*Work item*
Every record, from first to last, should be written out again exactly.

*Data for this task*

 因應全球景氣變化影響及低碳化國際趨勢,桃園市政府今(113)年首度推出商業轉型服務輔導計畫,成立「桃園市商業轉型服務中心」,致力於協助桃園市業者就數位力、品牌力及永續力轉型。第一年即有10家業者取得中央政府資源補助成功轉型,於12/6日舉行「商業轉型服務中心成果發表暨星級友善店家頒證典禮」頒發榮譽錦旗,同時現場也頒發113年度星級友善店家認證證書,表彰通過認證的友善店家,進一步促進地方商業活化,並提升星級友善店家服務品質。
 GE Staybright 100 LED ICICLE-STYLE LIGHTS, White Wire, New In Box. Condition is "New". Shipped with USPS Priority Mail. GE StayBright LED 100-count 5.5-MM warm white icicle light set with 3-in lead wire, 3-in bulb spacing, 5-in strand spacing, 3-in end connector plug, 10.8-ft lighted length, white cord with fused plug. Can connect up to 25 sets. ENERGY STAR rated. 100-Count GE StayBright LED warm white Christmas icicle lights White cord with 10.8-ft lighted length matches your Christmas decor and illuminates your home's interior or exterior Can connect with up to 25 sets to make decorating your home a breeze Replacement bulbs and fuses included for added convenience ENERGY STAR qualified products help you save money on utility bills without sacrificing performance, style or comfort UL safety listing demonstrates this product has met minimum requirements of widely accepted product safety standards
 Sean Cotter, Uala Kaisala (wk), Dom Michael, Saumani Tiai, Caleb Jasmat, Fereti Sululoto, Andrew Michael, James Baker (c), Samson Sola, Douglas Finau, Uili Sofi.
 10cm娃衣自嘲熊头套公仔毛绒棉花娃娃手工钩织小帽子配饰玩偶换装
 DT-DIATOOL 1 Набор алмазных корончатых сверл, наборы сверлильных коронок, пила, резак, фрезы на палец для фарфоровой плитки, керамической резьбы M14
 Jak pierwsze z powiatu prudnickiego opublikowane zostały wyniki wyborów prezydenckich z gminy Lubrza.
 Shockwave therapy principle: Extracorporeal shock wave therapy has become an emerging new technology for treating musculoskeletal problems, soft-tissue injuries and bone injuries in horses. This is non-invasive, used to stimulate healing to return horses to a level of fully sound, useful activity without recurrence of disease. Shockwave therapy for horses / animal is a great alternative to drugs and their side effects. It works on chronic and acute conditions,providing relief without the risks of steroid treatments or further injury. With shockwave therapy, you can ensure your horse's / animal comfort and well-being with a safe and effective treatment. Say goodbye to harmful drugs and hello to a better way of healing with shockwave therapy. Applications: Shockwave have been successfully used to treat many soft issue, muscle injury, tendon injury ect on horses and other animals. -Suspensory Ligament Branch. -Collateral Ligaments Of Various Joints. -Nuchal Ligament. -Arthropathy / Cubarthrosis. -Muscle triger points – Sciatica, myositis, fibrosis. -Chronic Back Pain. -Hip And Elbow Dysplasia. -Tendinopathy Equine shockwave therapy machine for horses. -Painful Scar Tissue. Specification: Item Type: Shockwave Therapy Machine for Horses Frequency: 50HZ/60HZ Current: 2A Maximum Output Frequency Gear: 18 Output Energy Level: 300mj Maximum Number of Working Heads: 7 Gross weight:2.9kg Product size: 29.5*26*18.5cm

*Task answer*
 因應全球景氣變化影響及低碳化國際趨勢,桃園市政府今(113)年首度推出商業轉型服務輔導計畫,成立「桃園市商業轉型服務中心」,致力於協助桃園市業者就數位力、品牌力及永續力轉型。第一年即有10家業者取得中央政府資源補助成功轉型,於12/6日舉行「商業轉型服務中心成果發表暨星級友善店家頒證典禮」頒發榮譽錦旗,同時現場也頒發113年度星級友善店家認證證書,表彰通過認證的友善店家,進一步促進地方商業活化,並提升星級友善店家服務品質。
 GE Staybright 100 LED ICICLE-STYLE LIGHTS, White Wire, New In Box. Condition is "New". Shipped with USPS Priority Mail. GE StayBright LED 100-count 5.5-MM warm white icicle light set with 3-in lead wire, 3-in bulb spacing, 5-in strand spacing, 3-in end connector plug, 10.8-ft lighted length, white cord with fused plug. Can connect up to 25 sets. ENERGY STAR rated. 100-Count GE StayBright LED warm white Christmas icicle lights White cord with 10.8-ft lighted length matches your Christmas decor and illuminates your home's interior or exterior Can connect with up to 25 sets to make decorating your home a breeze Replacement bulbs and fuses included for added convenience ENERGY STAR qualified products help you save money on utility bills without sacrificing performance, style or comfort UL safety listing demonstrates this product has met minimum requirements of widely accepted product safety standards
 Sean Cotter, Uala Kaisala (wk), Dom Michael, Saumani Tiai, Caleb Jasmat, Fereti Sululoto, Andrew Michael, James Baker (c), Samson Sola, Douglas Finau, Uili Sofi.
 10cm娃衣自嘲熊头套公仔毛绒棉花娃娃手工钩织小帽子配饰玩偶换装
 DT-DIATOOL 1 Набор алмазных корончатых сверл, наборы сверлильных коронок, пила, резак, фрезы на палец для фарфоровой плитки, керамической резьбы M14
 Jak pierwsze z powiatu prudnickiego opublikowane zostały wyniki wyborów prezydenckich z gminy Lubrza.
 Shockwave therapy principle: Extracorporeal shock wave therapy has become an emerging new technology for treating musculoskeletal problems, soft-tissue injuries and bone injuries in horses. This is non-invasive, used to stimulate healing to return horses to a level of fully sound, useful activity without recurrence of disease. Shockwave therapy for horses / animal is a great alternative to drugs and their side effects. It works on chronic and acute conditions,providing relief without the risks of steroid treatments or further injury. With shockwave therapy, you can ensure your horse's / animal comfort and well-being with a safe and effective treatment. Say goodbye to harmful drugs and hello to a better way of healing with shockwave therapy. Applications: Shockwave have been successfully used to treat many soft issue, muscle injury, tendon injury ect on horses and other animals. -Suspensory Ligament Branch. -Collateral Ligaments Of Various Joints. -Nuchal Ligament. -Arthropathy / Cubarthrosis. -Muscle triger points – Sciatica, myositis, fibrosis. -Chronic Back Pain. -Hip And Elbow Dysplasia. -Tendinopathy Equine shockwave therapy machine for horses. -Painful Scar Tissue. Specification: Item Type: Shockwave Therapy Machine for Horses Frequency: 50HZ/60HZ Current: 2A Maximum Output Frequency Gear: 18 Output Energy Level: 300mj Maximum Number of Working Heads: 7 Gross weight:2.9kg Product size: 29.5*26*18.5cm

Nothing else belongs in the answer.